Hutcherson, 49, was born in Los Angeles and lived for many years in Pasadena. Probably the best-known vibist of his generation, Hutcherson has recorded with Eric Dolphy, Tony Williams, McCoy Tyner and Jackie McLean over the years, in addition to releasing a string of forward-looking albums under his own name for the Blue Note label beginning in the late ‘60s. It was during that period that he met Land.

“I had just come back from playing in New York, and I started working at this club in Los Angeles called Le Deuce,” Hutcherson said recently from his home in San Francisco. “Buster Williams was living in Los Angeles and he was playing bass, John Houston was on the piano. We worked there for a year straight.”

When it came time for Hutcherson to travel east to record for Blue Note at the Rudy Van Gelder studios in New Jersey, he took Land. The resulting albums, including “Total Eclipse,” “Now” and “Medina,” show Hutcherson moving outside, stretching the limits of the vibraphone while Land was working some of John Coltrane’s emotion into his highly personalized sound. The two began playing around New York with a band they co-led that featured, at various times, drummer Joe Chambers and a young Chick Corea on keyboards.

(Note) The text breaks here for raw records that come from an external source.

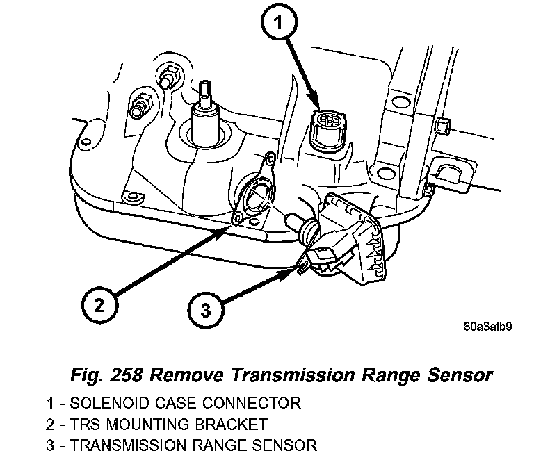 3. Install the TRS (Fig. 258) into the mounting bracket with the wiring connector facing the front of the transmission.
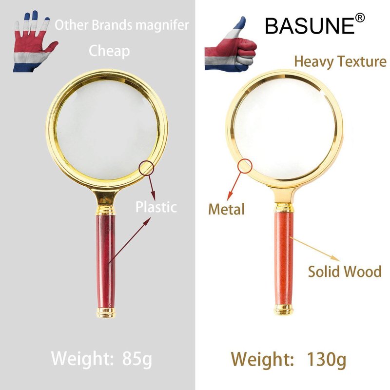 BASUNE 10X Handheld Magnifier, Reading Magnifier Loupe Glasses 10X with Rosewood Handle for Book and Newspaper Reading, Insect and Hobby Observation, Classroom Science (Metal Frame)
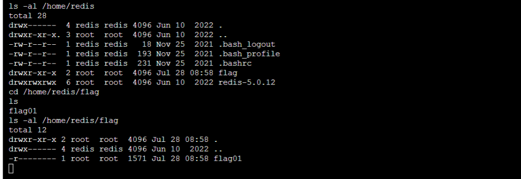 在 /home/redis/flag 下找到 flag,但是没有权限读取,考虑提权
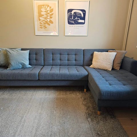 Den har noen små flekker, noen på sitteputene og på armlenet, men de er ikke veldig fremtredende og er ellers i veldig fin stand. Noen av flekkene går nok av i vask også.

The two musicians’ association suffered when Hutcherson moved to San Francisco around 1970, but didn’t dissolve. During the ‘70s, Land traveled north to play with Hutcherson and keyboardist Todd Cochran. Land also appeared on Hutcherson’s now out-of-print recording “Head On,” which featured a double rhythm section and backup from a 35-piece orchestra.

The idea for the Timeless All-Stars came around 1980 from European record producer Wim Wigt whose Timeless label was recording Art Blakey’s Jazz Messengers, among others. The group toured Europe a couple times in the early ‘80s and recorded a pair of albums for the Netherlands-based company. Though Wigt and his label are no longer associated with the group, the name sticks. The band’s only American release “Essence,” a collection of originals contributed by the group’s various members, principally Cedar Walton, was recorded in 1986 for the Delos label.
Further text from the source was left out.